Au debut d’Epiphania, premier volet de la trilogie dont Ludovic Debeurme entame la publication, en couleurs comme ses derniers livres, un jeune musicien encore réticent à la paternité rêve qu’il accouche lui-même sa femme, et en sort bouleversé. Dans la foulée, le couple en rejoint une poignée d’autres sur une île isolée où les attend un psychologue à l’allure d’animateur de colonies de vacances pour un "Love training camp" qui doit les aider à surmonter leurs difficultés conjugales. On croit l’auteur de Lucille (Futuropolis, 2006), du Grand autre (Cornélius, 2007) ou encore des terribles Trois fils et Un père vertueux (Cornélius, 2013 et 2015), parti pour revisiter d’une manière nouvelle certains de ses thèmes de prédilection : l’accession à la condition d’adulte, les tourments adolescents ou la violence des rapports père-fils. C’est le cas, mais pas seulement.
Car dès la première nuit sur l’île, où David rêve encore qu’il entre dans la mer pour sauver un bébé de la noyade - un cauchemar dont on se délectera des ramifications psychanalytiques -, un tsunami ravage tout sur son passage, n’épargnant que David et le psychologue.

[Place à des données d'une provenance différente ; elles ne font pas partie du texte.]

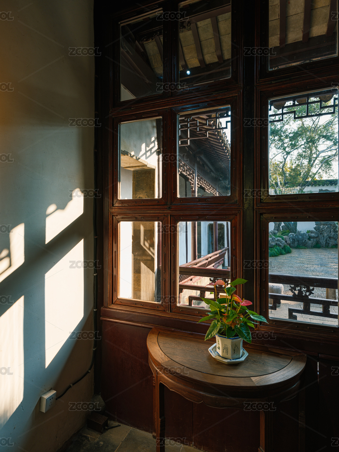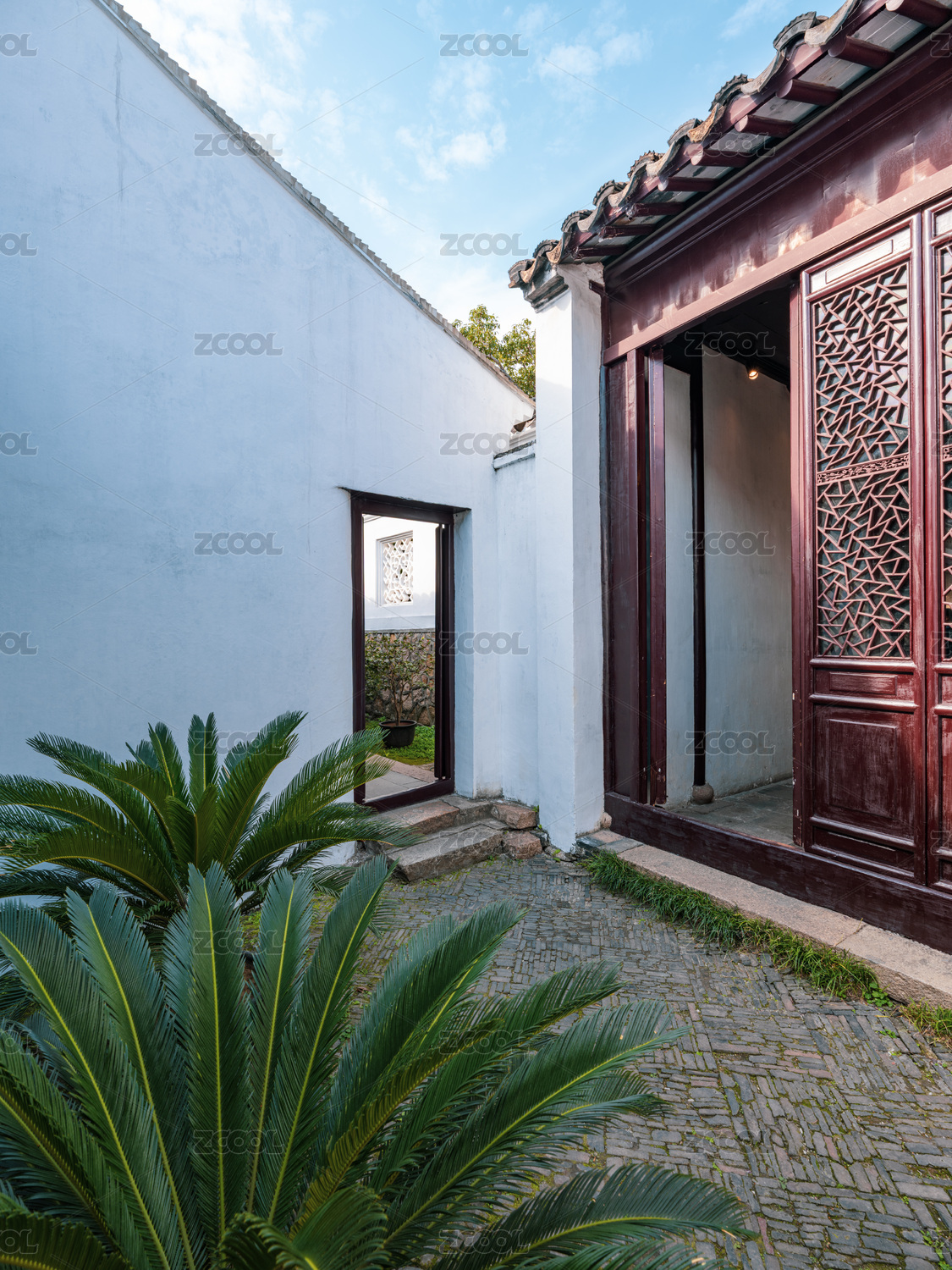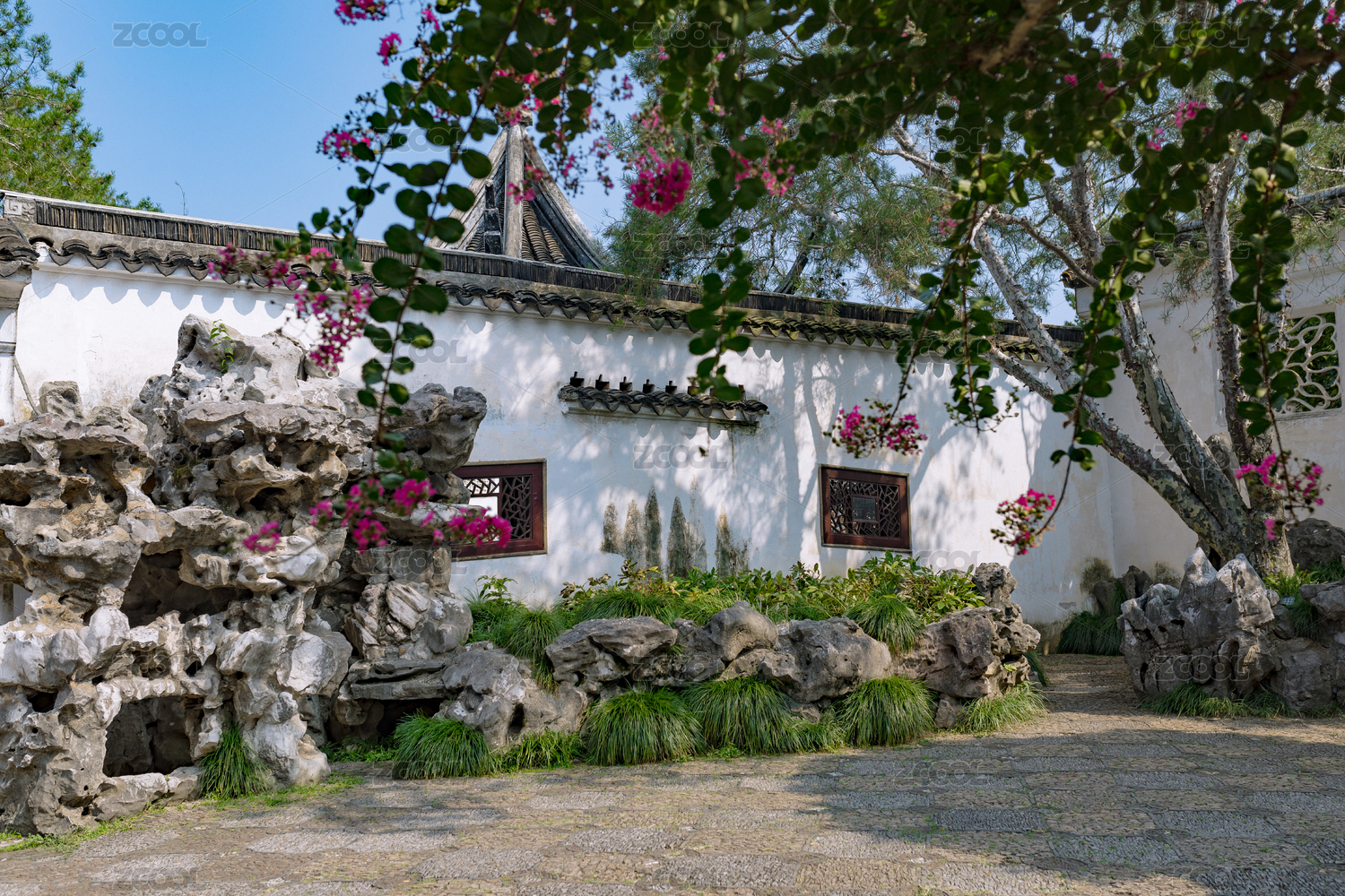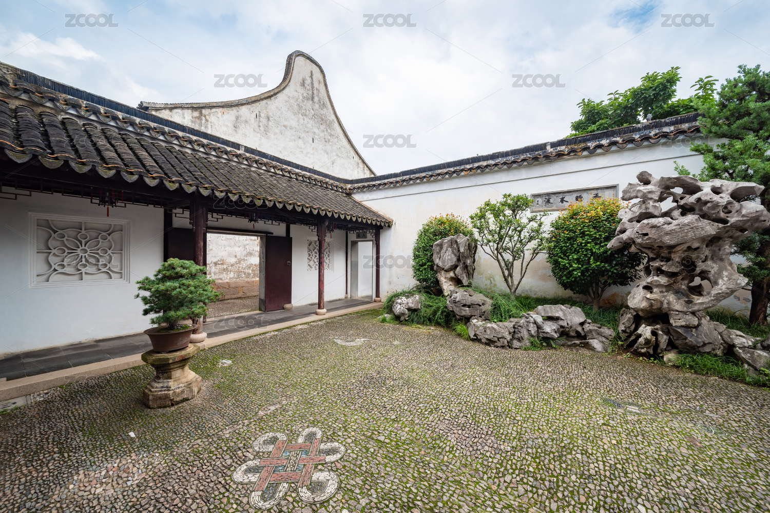 深秋时节苏州网师园亭台楼阁和池塘倒影

Rejoignant en barque la terre ferme, ils y découvrent un monde transformé, d’où émergent de curieux fœtus qui se nécrosent lorsqu’on les extrait trop rapidement du sol qui leur tient lieu de cocon maternel. L’un d’eux pousse dans le jardin même de David. Défiant ses angoisses, il va le recueillir, le baptiser Kojika, l’aimer et l’élever, dans des conditions toutefois toujours plus difficiles car ces "mixbodies", comme on les appelle désormais, aux origines mystérieuses, présentent des différences physiques et physiologiques avec les humains. Ces derniers leur manifestent une hostilité croissante, à l’instar de celle dont nombre d’Européens font preuve à l’égard des réfugiés syriens ou irakiens. Des milices se forment dans l’esprit du Ku Klux Klan, qui les pourchassent et les persécutent.
Elargissant le champ dans lequel il travaille généralement, Ludovic Debeurme, dont l’œuvre s’impose comme l’une des plus puissantes de la bande dessinée contemporaine, passe d’une certaine manière de la micro à la macro-psychologie. De la mise en lumière des traumas et des névroses individuelles, il glisse vers la psychologie sociale et les phénomènes de masse. Là où ses premiers livres ne s’articulaient qu’autour d’une minuscule poignée de personnages, Epiphania en introduit un plus grand nombre. L’auteur ouvre la porte à des interprétations multiples à travers une combinaison de cases, chacune construite en revanche sur un message très clair. Insensiblement, comme ses personnages, il grandit.